*Data records*.
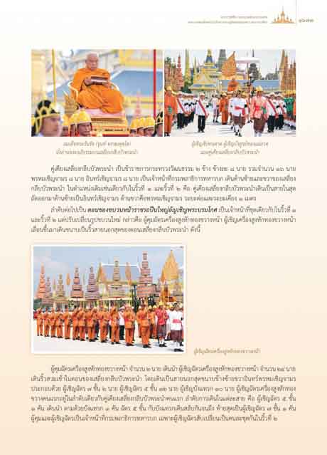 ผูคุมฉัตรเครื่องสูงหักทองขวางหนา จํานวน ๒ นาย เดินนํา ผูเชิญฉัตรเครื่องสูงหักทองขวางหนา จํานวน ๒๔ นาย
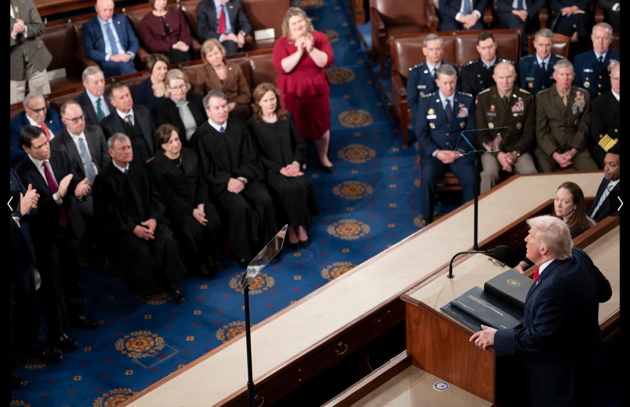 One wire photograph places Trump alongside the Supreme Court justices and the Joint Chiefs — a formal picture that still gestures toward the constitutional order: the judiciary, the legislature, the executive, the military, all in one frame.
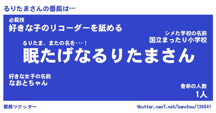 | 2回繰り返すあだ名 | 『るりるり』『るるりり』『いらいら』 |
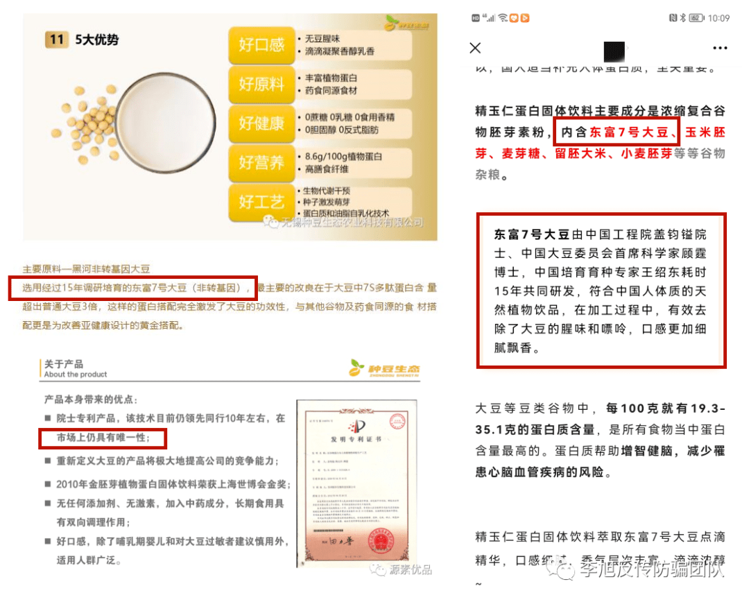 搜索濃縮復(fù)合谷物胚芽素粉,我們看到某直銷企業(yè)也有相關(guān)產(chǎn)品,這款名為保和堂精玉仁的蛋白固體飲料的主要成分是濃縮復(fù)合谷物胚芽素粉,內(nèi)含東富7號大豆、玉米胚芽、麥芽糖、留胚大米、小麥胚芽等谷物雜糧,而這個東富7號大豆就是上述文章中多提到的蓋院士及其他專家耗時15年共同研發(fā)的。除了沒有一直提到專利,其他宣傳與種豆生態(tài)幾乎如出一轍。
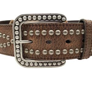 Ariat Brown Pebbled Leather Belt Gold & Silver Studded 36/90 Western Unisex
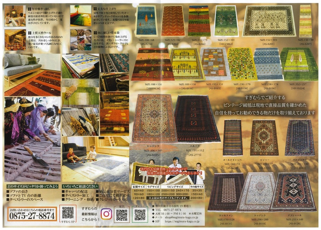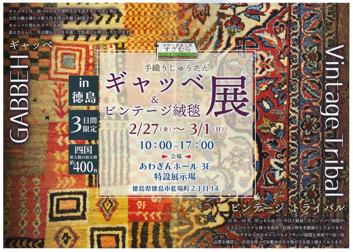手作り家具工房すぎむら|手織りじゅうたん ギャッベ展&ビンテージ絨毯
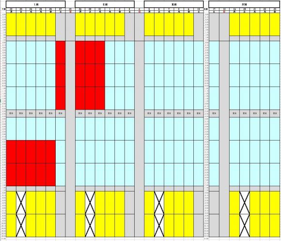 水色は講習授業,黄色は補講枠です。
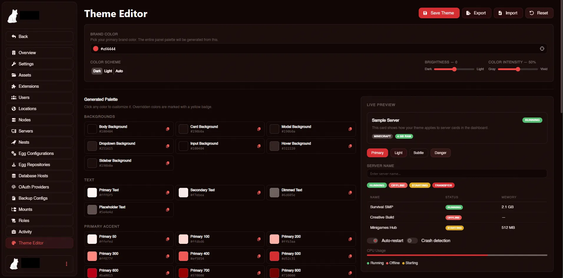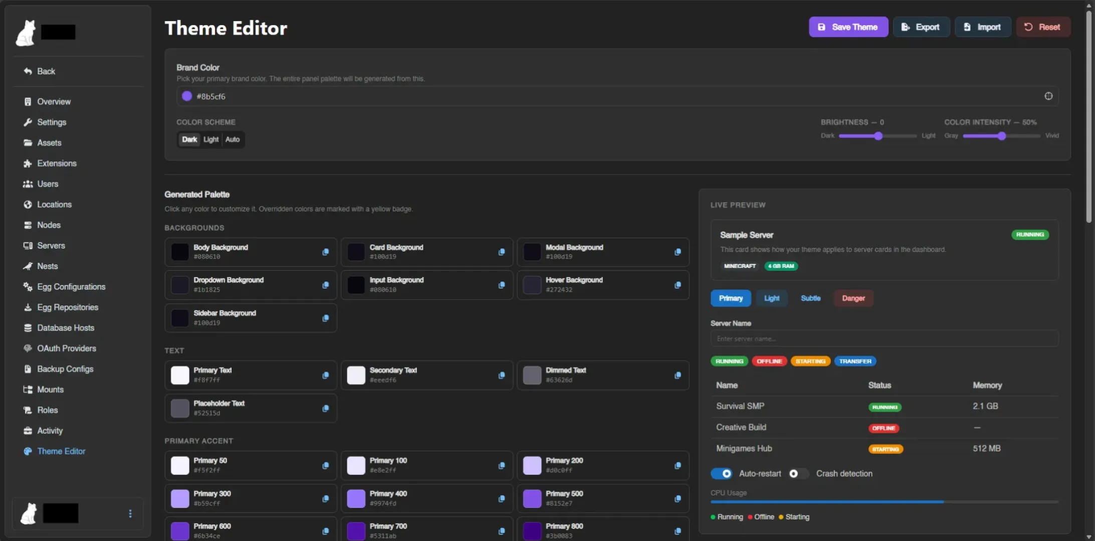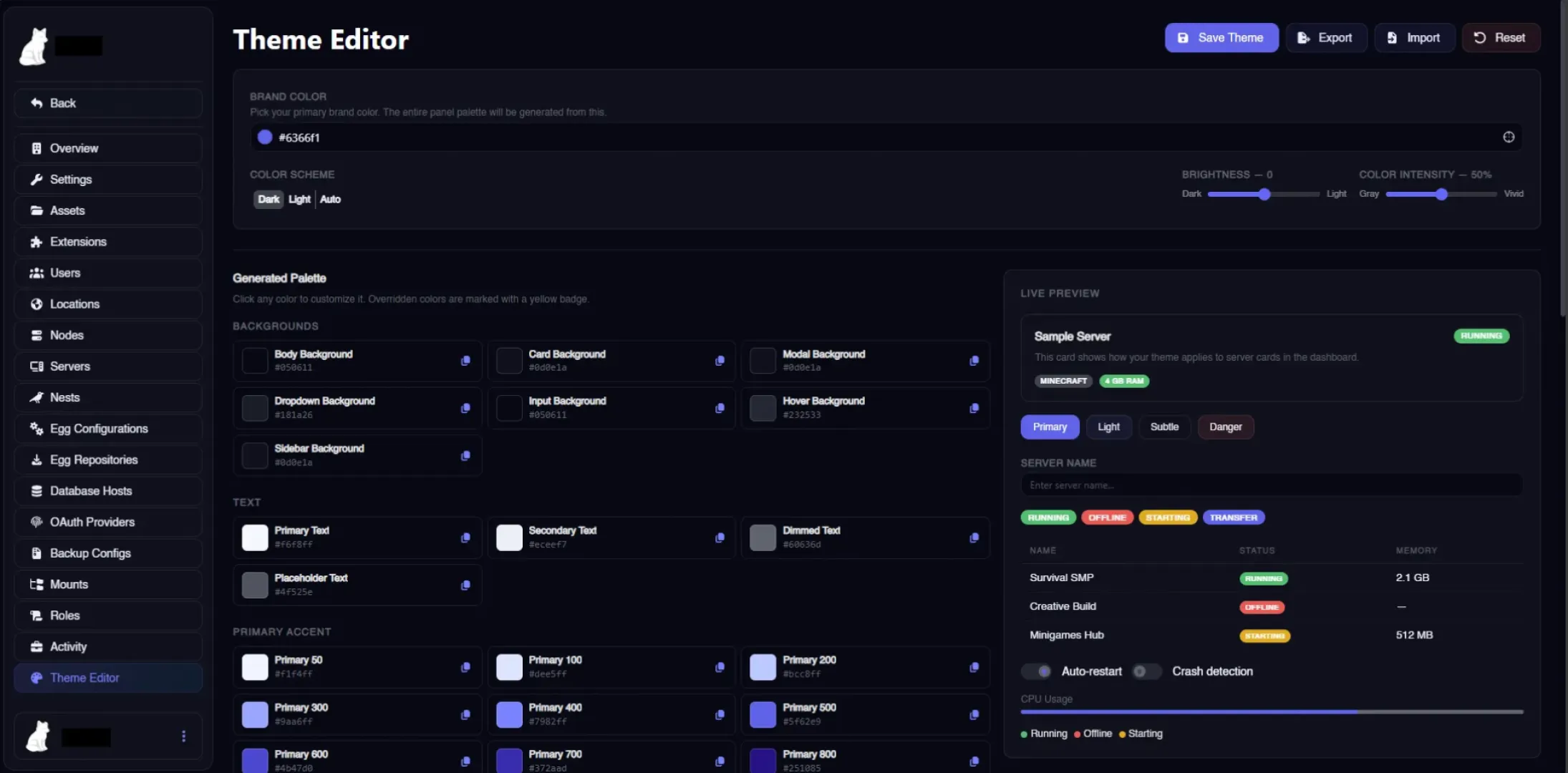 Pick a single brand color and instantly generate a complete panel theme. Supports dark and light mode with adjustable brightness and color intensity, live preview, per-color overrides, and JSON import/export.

*Task prompt*.
Write out the data once more exactly, omitting the pictures.

*Solution to this task*.
 ผูคุมฉัตรเครื่องสูงหักทองขวางหนา จํานวน ๒ นาย เดินนํา ผูเชิญฉัตรเครื่องสูงหักทองขวางหนา จํานวน ๒๔ นาย
 One wire photograph places Trump alongside the Supreme Court justices and the Joint Chiefs — a formal picture that still gestures toward the constitutional order: the judiciary, the legislature, the executive, the military, all in one frame.
 | 2回繰り返すあだ名 | 『るりるり』『るるりり』『いらいら』 |
 搜索濃縮復(fù)合谷物胚芽素粉,我們看到某直銷企業(yè)也有相關(guān)產(chǎn)品,這款名為保和堂精玉仁的蛋白固體飲料的主要成分是濃縮復(fù)合谷物胚芽素粉,內(nèi)含東富7號大豆、玉米胚芽、麥芽糖、留胚大米、小麥胚芽等谷物雜糧,而這個東富7號大豆就是上述文章中多提到的蓋院士及其他專家耗時15年共同研發(fā)的。除了沒有一直提到專利,其他宣傳與種豆生態(tài)幾乎如出一轍。
 Ariat Brown Pebbled Leather Belt Gold & Silver Studded 36/90 Western Unisex
手作り家具工房すぎむら|手織りじゅうたん ギャッベ展&ビンテージ絨毯
 水色は講習授業,黄色は補講枠です。
 Pick a single brand color and instantly generate a complete panel theme. Supports dark and light mode with adjustable brightness and color intensity, live preview, per-color overrides, and JSON import/export.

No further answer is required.